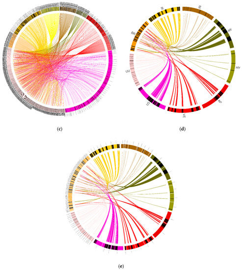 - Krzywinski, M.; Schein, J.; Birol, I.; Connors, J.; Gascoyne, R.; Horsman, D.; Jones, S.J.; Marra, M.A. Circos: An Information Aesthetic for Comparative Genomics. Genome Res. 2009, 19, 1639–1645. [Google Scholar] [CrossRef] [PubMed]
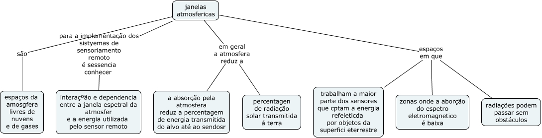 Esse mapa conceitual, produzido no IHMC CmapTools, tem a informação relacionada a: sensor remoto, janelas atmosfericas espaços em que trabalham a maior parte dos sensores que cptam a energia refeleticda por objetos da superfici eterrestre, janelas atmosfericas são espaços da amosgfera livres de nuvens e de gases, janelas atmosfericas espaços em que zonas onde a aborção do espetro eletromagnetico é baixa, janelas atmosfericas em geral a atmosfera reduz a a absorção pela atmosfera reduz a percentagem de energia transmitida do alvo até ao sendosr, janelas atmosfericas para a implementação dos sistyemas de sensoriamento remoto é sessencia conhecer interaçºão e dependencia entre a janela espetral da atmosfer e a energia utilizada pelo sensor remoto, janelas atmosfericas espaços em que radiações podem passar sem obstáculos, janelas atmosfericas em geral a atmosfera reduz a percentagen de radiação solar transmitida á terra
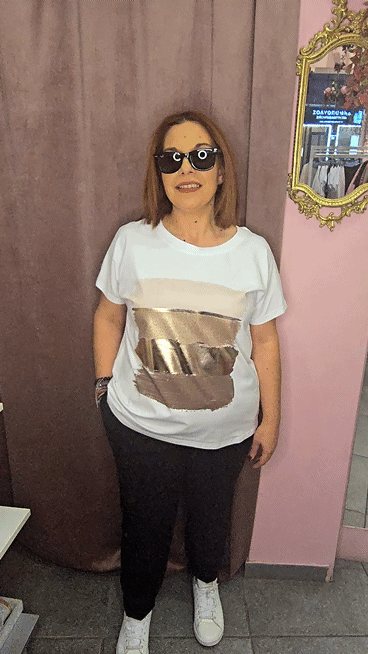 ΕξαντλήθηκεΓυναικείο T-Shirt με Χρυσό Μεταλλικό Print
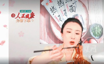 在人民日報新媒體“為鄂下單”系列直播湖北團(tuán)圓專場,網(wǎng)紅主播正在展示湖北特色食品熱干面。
┄┄┄┄┄┄
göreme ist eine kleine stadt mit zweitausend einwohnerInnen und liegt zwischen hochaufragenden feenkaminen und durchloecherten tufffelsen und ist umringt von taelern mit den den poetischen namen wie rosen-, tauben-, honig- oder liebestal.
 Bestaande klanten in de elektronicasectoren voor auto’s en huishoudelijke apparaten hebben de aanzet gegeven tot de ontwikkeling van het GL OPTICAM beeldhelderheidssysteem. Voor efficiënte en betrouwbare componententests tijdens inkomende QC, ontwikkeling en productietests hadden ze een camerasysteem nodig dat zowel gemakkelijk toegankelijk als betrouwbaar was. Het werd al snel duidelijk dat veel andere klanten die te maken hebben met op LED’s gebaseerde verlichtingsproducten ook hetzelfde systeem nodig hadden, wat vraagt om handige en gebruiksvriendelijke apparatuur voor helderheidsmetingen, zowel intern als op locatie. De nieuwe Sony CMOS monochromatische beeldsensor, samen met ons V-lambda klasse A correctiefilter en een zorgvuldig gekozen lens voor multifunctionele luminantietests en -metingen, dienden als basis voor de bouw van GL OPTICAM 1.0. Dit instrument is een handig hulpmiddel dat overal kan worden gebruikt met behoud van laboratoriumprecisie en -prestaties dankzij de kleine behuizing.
┄┄┄┄┄┄
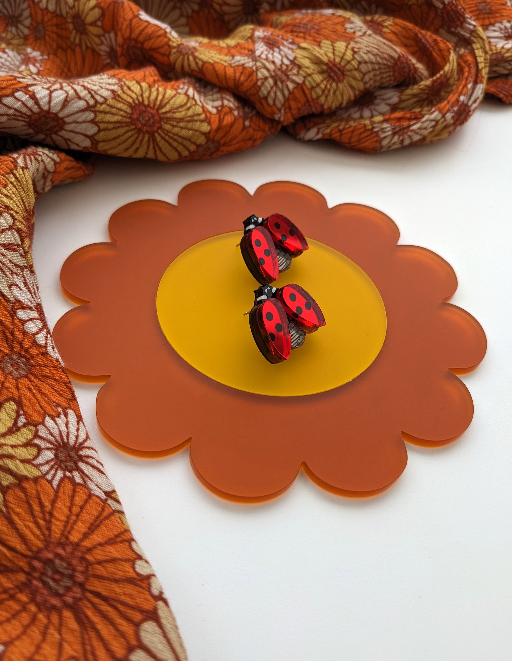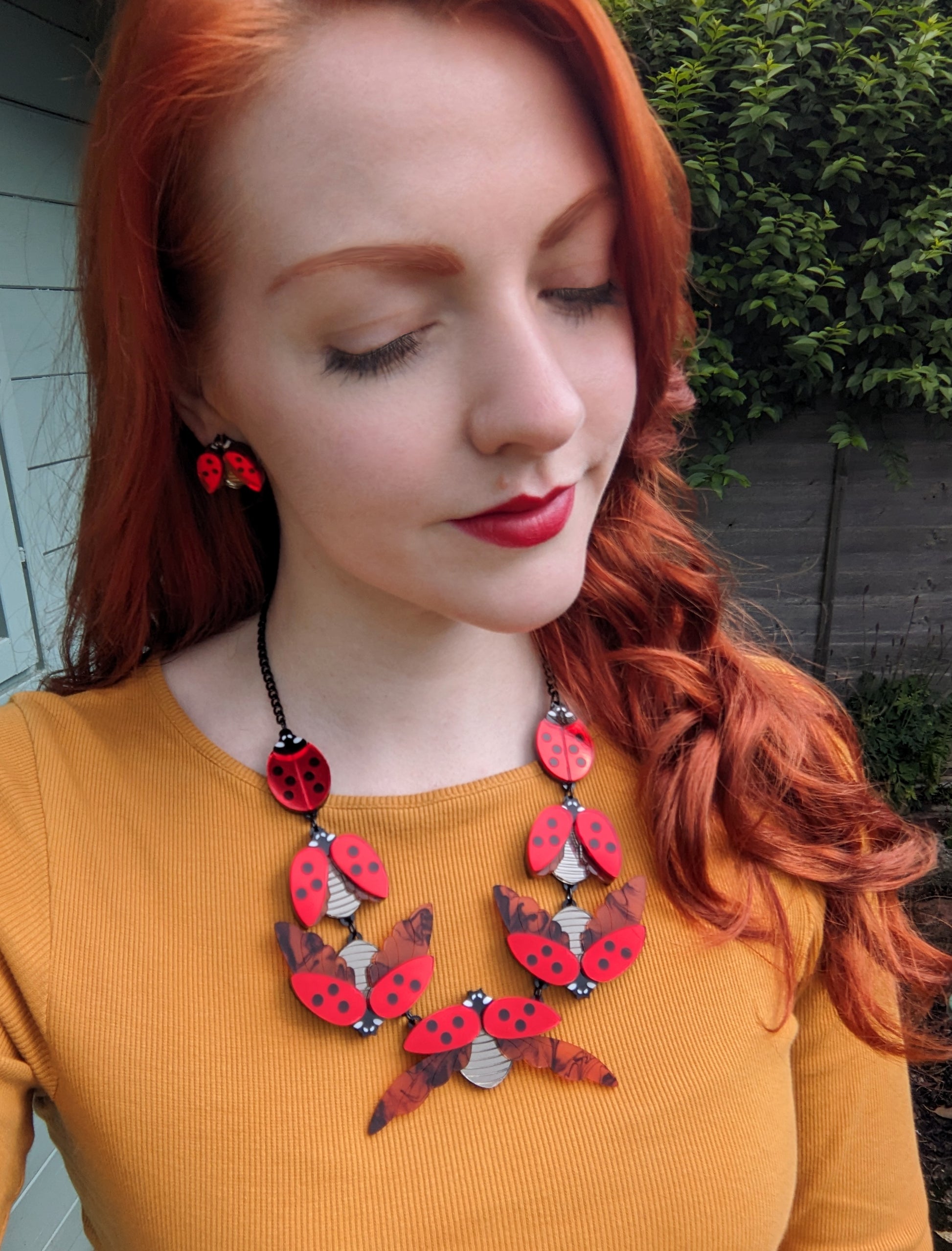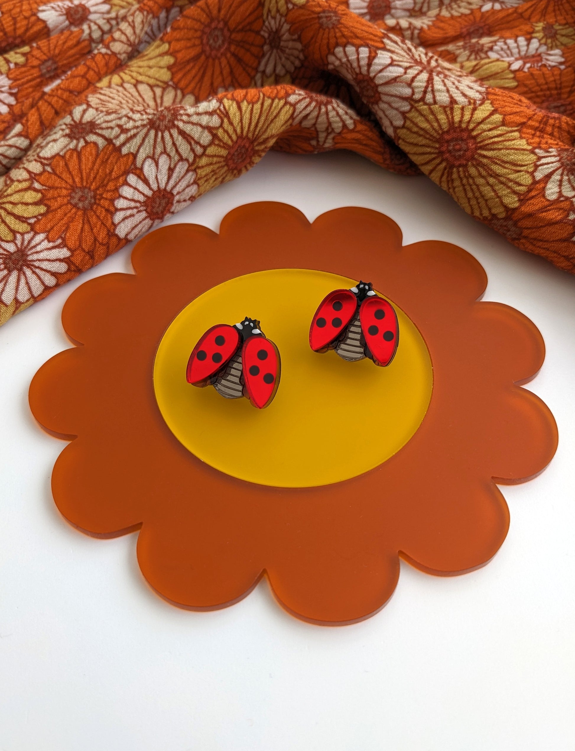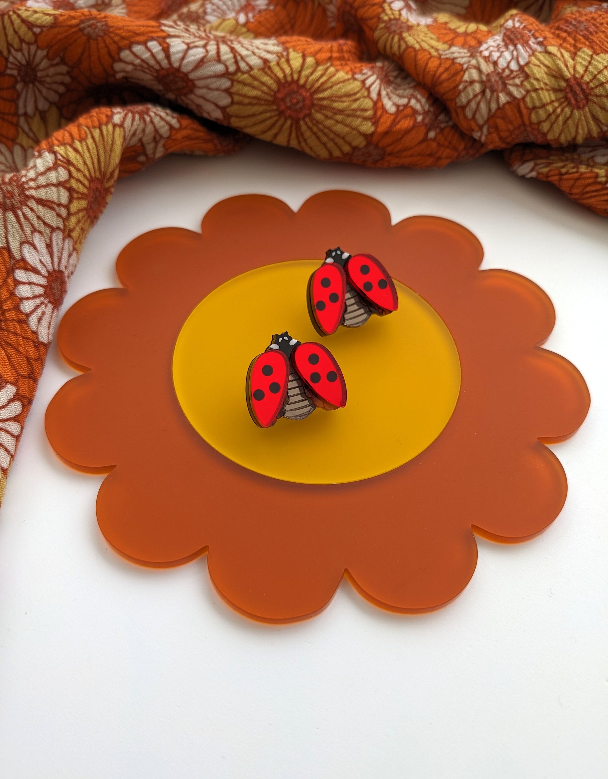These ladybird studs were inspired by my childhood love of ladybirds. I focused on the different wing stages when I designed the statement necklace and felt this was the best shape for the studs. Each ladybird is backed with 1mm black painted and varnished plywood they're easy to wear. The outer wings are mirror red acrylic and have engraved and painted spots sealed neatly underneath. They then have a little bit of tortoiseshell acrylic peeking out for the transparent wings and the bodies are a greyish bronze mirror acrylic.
┄┄┄┄┄┄
Nothing but the lines above from the one that has "Esse mapa conceitual, produzido" down to the one that has "ΕξαντλήθηκεΓυναικείο T-Shirt με" belongs in the answer, copied exactly, without pictures.

 Esse mapa conceitual, produzido no IHMC CmapTools, tem a informação relacionada a: sensor remoto, janelas atmosfericas espaços em que trabalham a maior parte dos sensores que cptam a energia refeleticda por objetos da superfici eterrestre, janelas atmosfericas são espaços da amosgfera livres de nuvens e de gases, janelas atmosfericas espaços em que zonas onde a aborção do espetro eletromagnetico é baixa, janelas atmosfericas em geral a atmosfera reduz a a absorção pela atmosfera reduz a percentagem de energia transmitida do alvo até ao sendosr, janelas atmosfericas para a implementação dos sistyemas de sensoriamento remoto é sessencia conhecer interaçºão e dependencia entre a janela espetral da atmosfer e a energia utilizada pelo sensor remoto, janelas atmosfericas espaços em que radiações podem passar sem obstáculos, janelas atmosfericas em geral a atmosfera reduz a percentagen de radiação solar transmitida á terra
 ΕξαντλήθηκεΓυναικείο T-Shirt με Χρυσό Μεταλλικό Print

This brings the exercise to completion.